21. En ce qui concerne l’exception d’incompétence ratione materiae de la
juridiction de céans pour connaitre du litige, soulevée par l’Etat togolais,
relativement aux difficultés d’exécution de l’arrêt susvisé en date du 24 avril
2015, la Cour estime qu’il ne lui appartient pas de s’immiscer dans l’exécution
d’une décision de justice par elle rendue et qu’il revient à chaque partie
concernée de suivre les voies de droit prévues à cet effet par les textes législatifs
de la CEDEAO, notamment celles contenues dans le Protocole additionnel
A/SP.1/01/05 en date du 19 janvier 2005 et dans l’acte additionnel A/
SA.13/02/12 en date du 17 février 2012.
22. La Cour considère que dans le cas de l’espèce, elle a épuisé sa saisine pour
avoir déjà rendu un arrêt de fond entre les parties et ce en application des
dispositions
de l’article 19, paragraphe 3 du Protocole relatif à ladite
juridiction en date du 06 juillet 1991 qui énonce que « chaque différend ne
donne lieu qu’à une décision de la Cour ».
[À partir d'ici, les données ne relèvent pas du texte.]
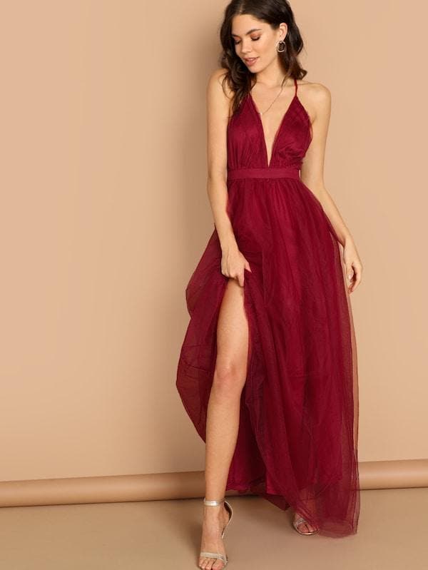 100% Polyester Plunging V Neck Crisscross Back Cami Black Dress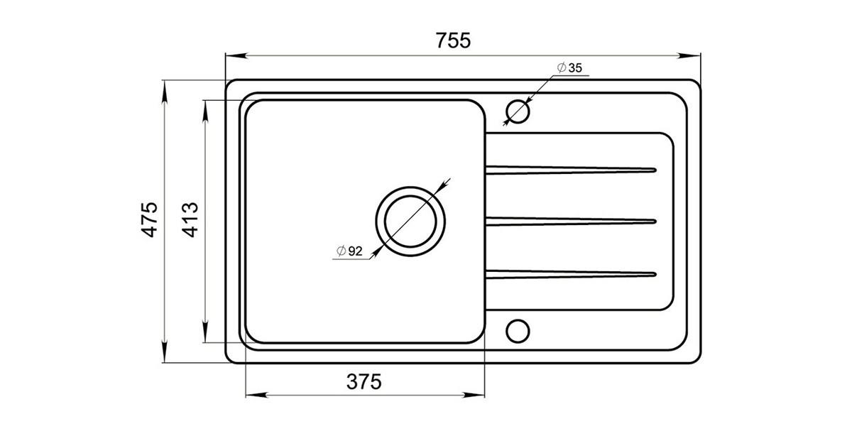 Мойка кварцевая АСТРЕЯ 50QV ГРИЗАЛЬ Чёрный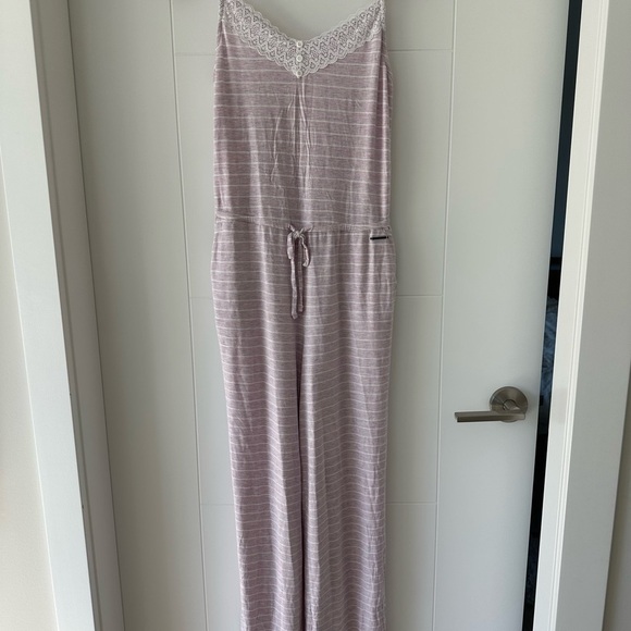 Chic pink striped jumpsuit with lace detail. Comfortable and stylish for lounging.
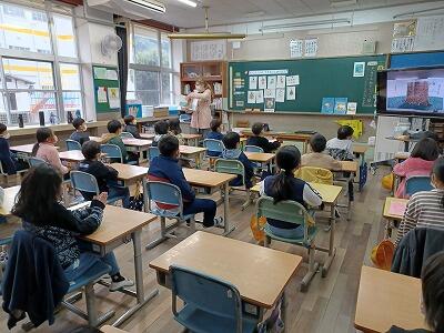 今日は、2年生がALTのアビー先生と一緒に英語の学習をしました。始めに、アビー先生のふるさとアメリカのクリスマスの様子を写真を交えて紹介してもらいました。2年生なりに日本との違いを感じ、いろいろ質問をしていました。その後、クリスマスにちなんだ英語の言葉を使って、チャンツをしたり、ビンゴゲームをしたりしました。そして最後に、英語の絵本の読み聞かせをしてもらいました。たっぷり、英語のシャワーを浴びた2年生でした。もうすぐ、クリスマスです。サンタさんがみんなのところにやって来てくれることを祈っています。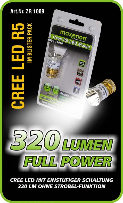 - Der Vorteil dieser LED ist die lange Brenndauer, außerdem kann das Cree Modul mit 0,8-4,2 Volt betrieben werden.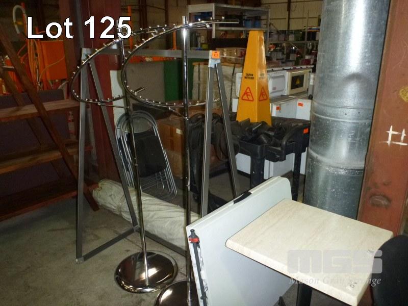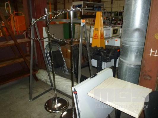 3 x ASSORTED CLOTHES RACKS, FOLDING TABLE & CHAIR
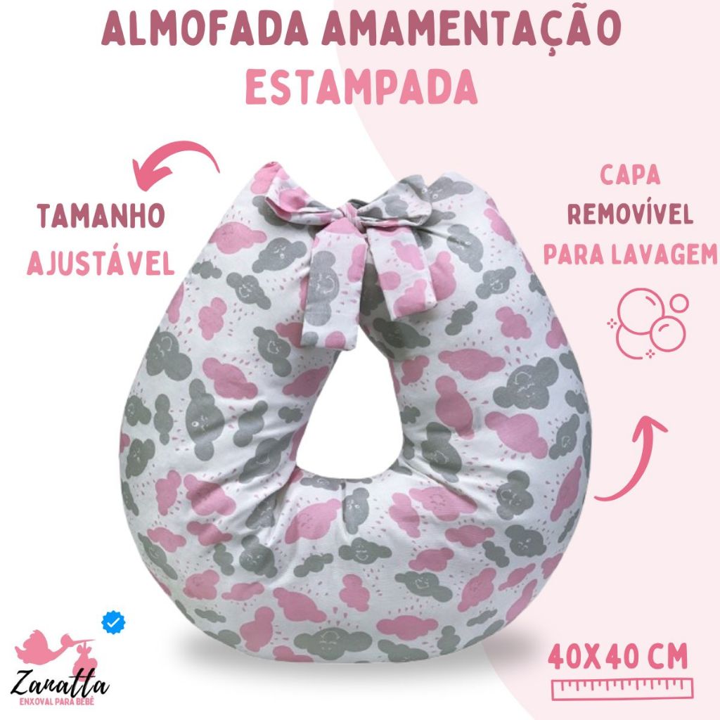 Ninho Redutor Berço com Almofada Amamentação 2 Peças Quarto Enxoval Bebê Menina Nuvem Rosa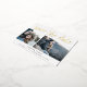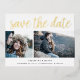 A modern save the date postcard designed to accommodate two of your favourite engagement photos. "Save the date" appears above your photos in gold foil handwritten style script lettering, with your names, wedding date and wedding location beneath.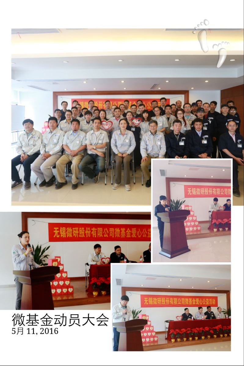 此次爱心公益活动,得到了无锡微研股份、精微机械全体上下的全力支持和热情参与。员工不仅奉献了爱心、收获了快乐,更将对同事之间的关爱和对企业的责任,慷慨激昂地担了起来,展现出了无锡微研独有的关爱、积极、向上、正能量的企业文化,也为公司健康、稳步发展和团队凝聚,起到了积极的助力。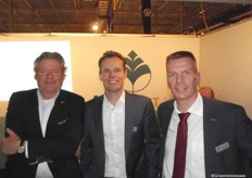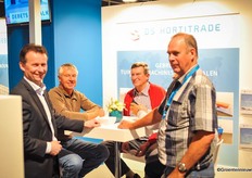 Patrick Ruckert (links) is nieuw bij Scherpenhuizen. Op de foto van links naar rechts verder Peter Strijbos (van Nature), Sjaak Verploegen (Scherpenhuizen) en Henk Kuipers (Scherpenhuizen)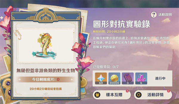 《原神|圖形對抗實驗錄第六天攻略》 在原神的圖形對抗實驗錄中,第六天的任務是拍攝無腿但非遊魚的野生生物。這個任務可能會讓一些玩家感到困惑,但我們將在這篇文章中提供詳細的攻略,以幫助你完成這個任務。 首
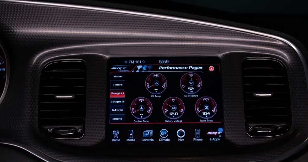 意想不到的是,战马地狱猫在高速巡航和舒适模式下的隔音做的却像一台商务四门房车。几乎听不见发动机的吵闹。而配置方面也拥有:自适应悬架,四种驾驶模式选择,循迹系统以及和雷诺R.S系列车型一样喜欢展示运动数据:如加速度、横向G值,赛道圈速统计。座椅也不同于其他性能车那么硬,在提供包裹性的同时,战马地狱猫上的座椅有着大沙发般的舒适。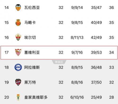 值得一提的是,上賽季塞維利亞最終以1分優(yōu)勢(shì)保級(jí),最終排名第17,與目前的積分排名一致。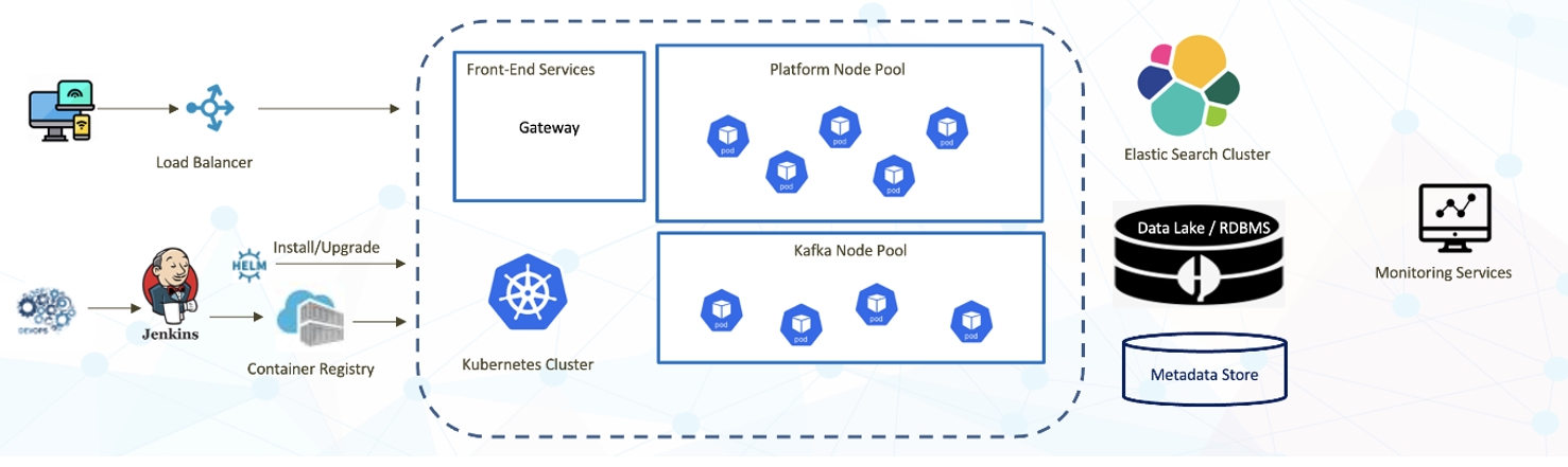 Each Microservice (Multiple services combined as container) is deployed as POD. Each POD is deployed into multiple Nodes for resilience.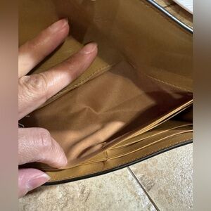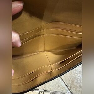 Tiny scratches/creases in leather on front closure and small ones on the inside by the button: 3rd pic & 10th pic

23. Cette jurisprudence de la Cour est constante et c’est ainsi qu’elle a toujours
débouté les requérants dans nombre de décisions dont, entre autres, celles
contenues dans l’arrêt n° ECW/CCJ/APP/15/14 du 24 avril 2015, rendu
dans l’affaire Gnassingbé Kpatcha et autres ccontre la République togolaise ; et
l’arrêt n° ECW/CCJ/JUD/19/13 du 19 juillet 2013, rendu dans l’affaire
Karim Meissa Wade contre République du Sénégal).
2- Sur les demandes d’indemnisation
24. Considérant que les demandes d’indemnisation formulées par le requérant
ne sauraient être examinées dès lors que la Cour a décliné sa compétence pour
connaitre de l’affaire.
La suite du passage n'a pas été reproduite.